Laut den neuesten Statistiken sind mittlerweile über zwei Millionen Haushalte in Deutschland nicht mehr in der Lage, ihre Schulden zu bezahlen. Das geht aus einer Veröffentlichung der Bild-Zeitung, die bereits einen Blick auf den Armutsbericht geworfen hat, hervor. Noch 2013 lag die Zahl der überschuldeten Haushalte unterhalb der Marke von zwei Millionen. Es lässt sich entsprechend nicht wegdiskutieren, dass die Situation in Deutschland schlimmer wird. Dabei sollte man die Zahl der Haushalte auch nicht mit der Zahl der betroffenen Verbraucher verwechseln. Rechnet man nämlich die Zahl der Verbraucher, die nicht mehr in der Lage sind, ihre Ausstände zu begleichen, kommt man auf eine Zahl von über vier Millionen. Das sind immerhin fünf Prozent der Gesamtbevölkerung.

Jedes 20. Kind in Deutschland kämpft mit Armut

Brisant ist in der Statistik darüber hinaus der Fakt, dass insgesamt jedes 20. Kind in Deutschland als von Armut betroffen gilt. Diese Zahl hat sich zwar in den letzten Jahren kaum verändert, verbessert hat sich die Situation für Kinder aus den unteren Schichten allerdings auch nicht. Zwar ist die materielle Armut immer mit Bedacht zu sehen, da sich die Zahlen aus einem Prozentschlüssel des Meridianeinkommens errechnen. Steigt das mittlere Einkommen, also der durchschnittliche Verdienst, gibt es auch mehr Schuldner. Dennoch ist die Situation bedenklich. Von echter Gleichheit im Land kann schon längst keine Rede mehr sein. Auch deshalb müssen immer mehr Menschen auf Produkte wie das Girokonto ohne Schufa und eine Schuldnerberatung setzen.

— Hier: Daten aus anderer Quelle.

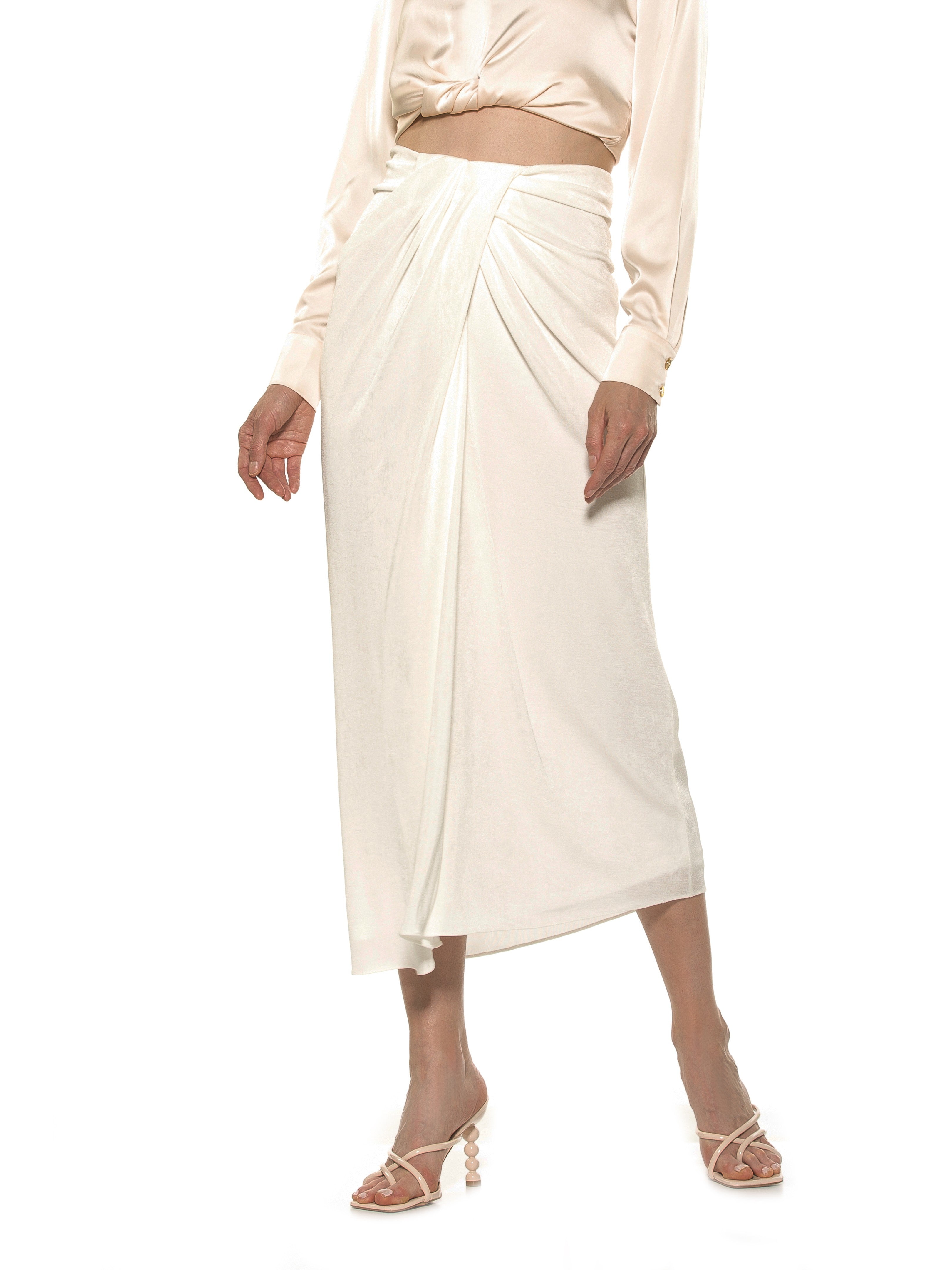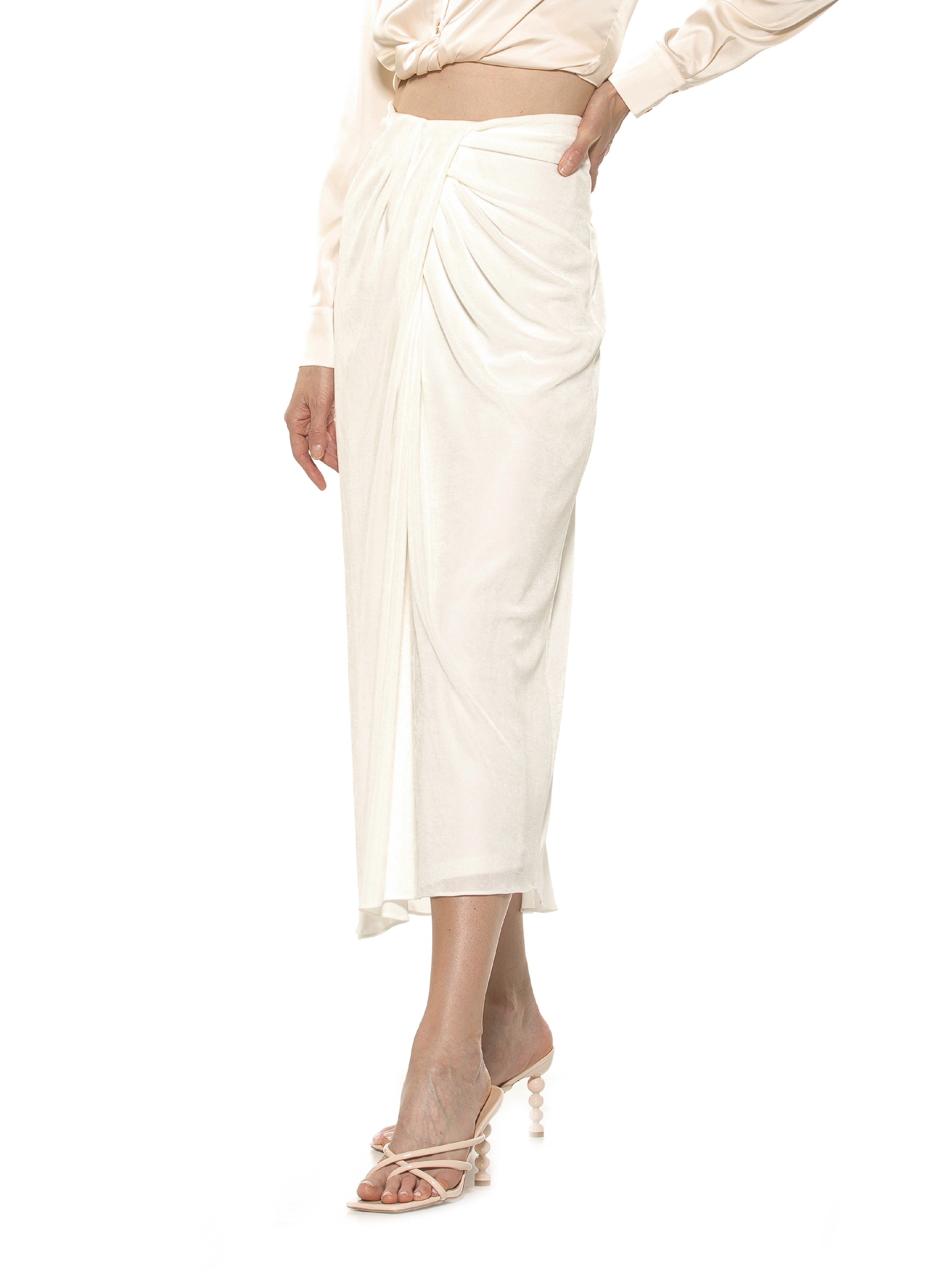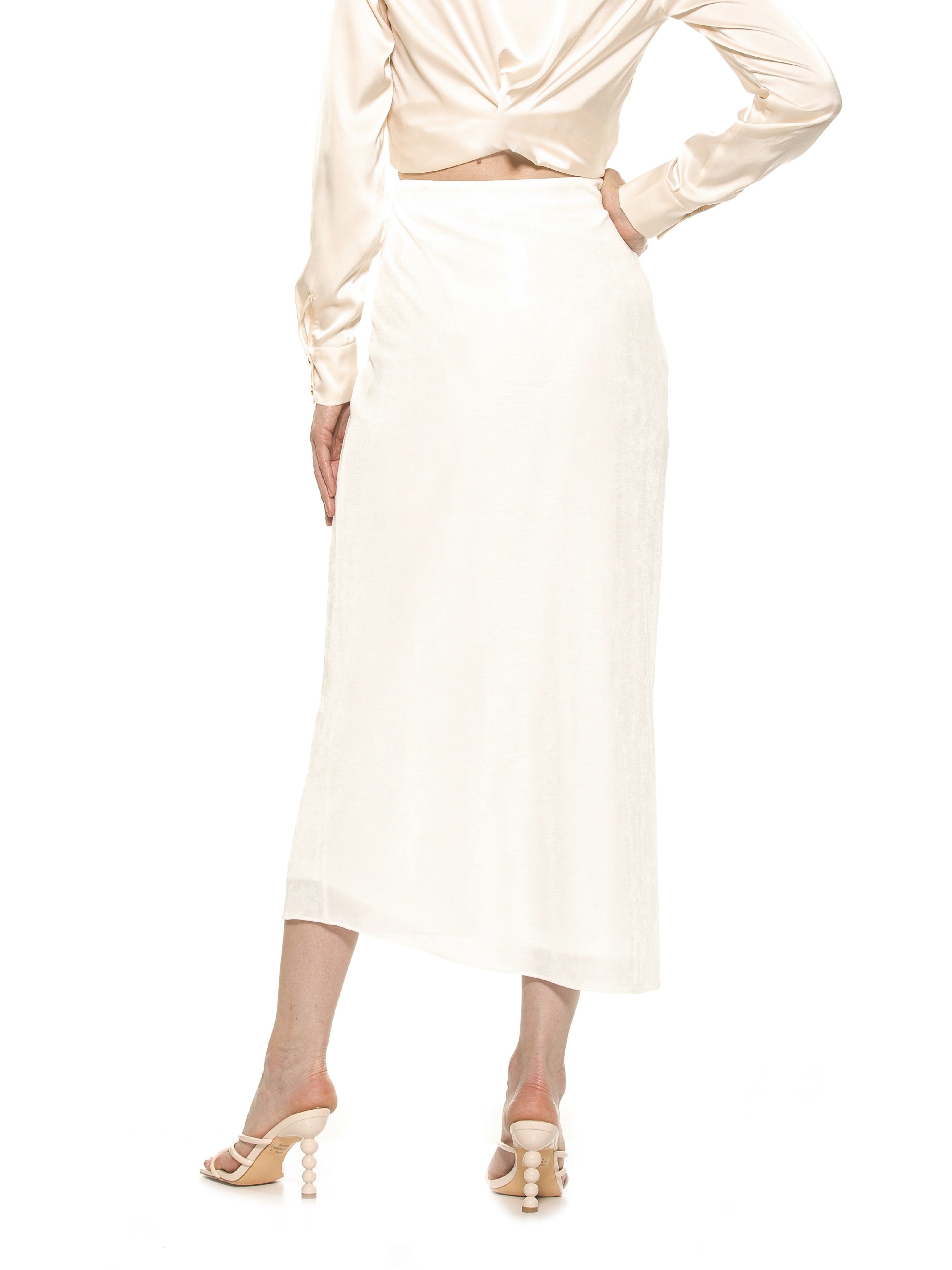 Be ready for any occasion when you slip on the Jeanette Skirt! This midi skirt is designed with a unique front fold, a must for your summer wardrobe

Fehlende Ersparnisse als entscheidendes Problem

Doch es gibt noch ein anderes Problem, das man nicht außer Acht lassen sollte. Etwa ein Fünftel aller Deutschen hat überhaupt keine Ersparnisse. Noch einmal knapp zehn Prozent der Bevölkerung haben höhere Schulden als Vermögen, wodurch sie auch über keine echte Grundlage verfügen. Knapp weniger als ein Drittel der Deutschen ist laut der Aussage des Politikwissenschaftlers Christoph Butterwegge entsprechend armutsgefährdet. Ein Schicksalsschlag wie die Arbeitslosigkeit könnte schon den Weg in die Armut bedeuten. Eine Privatinsolvenz lässt sich in einem solchen Fall vielfach nur noch durch ein Girokonto ohne Schufa und eine Schuldnerberatung verhindern. Ein entscheidendes Problem, das die Politik bislang noch nicht wirklich zu realisieren scheint.